The firm said on Monday that it would write off up to $370 million. This is related to its mal-investment in Franchise Group. The firm acquired the FRG stake last year in a management-led buyout. The investment in the fashion firm proved costly. B.
Riley will report a Q2 loss and will suspend its dividend.
On Tuesday, the Securities and Exchange Commission said that it would review the way it disclosed risks associated with some of its assets.
The stock plunge will cause panic among B. Riley’s hedge fund customers.
RILY stocks will have no value when the dust settles.
The Bear Cave correctly predicted the fall of RILY stock in February. The firm believed back then that B. Riley operated fraudulently.
The firm’s baby bonds, RIYN and RILYZ, are also at risk.
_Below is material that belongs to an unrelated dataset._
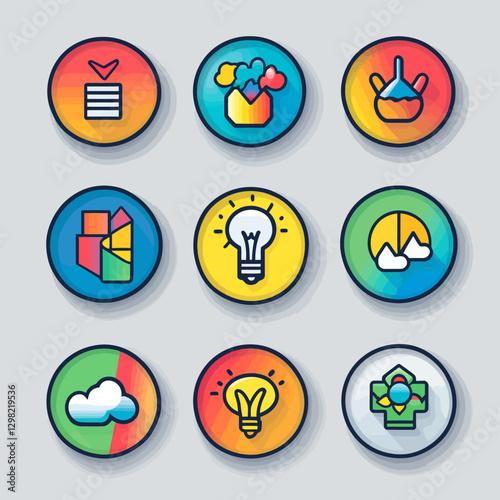 Colorful Icon Set Representing Business Concepts and Creative Ideas

It must pay off $1.5 billion.
Investors should exercise extra care on stocks that continually trended lower on no news. Walgreens Boots (WBA) is an example of a stock trading poorly before falling even more. WBA stock peaked near $30 but fell to around $16. After posting Q3 results, selling pressure worsened.
Walgreens may potentially rebound. It hired a new CEO who will undo some of the firm’s past acquisitions.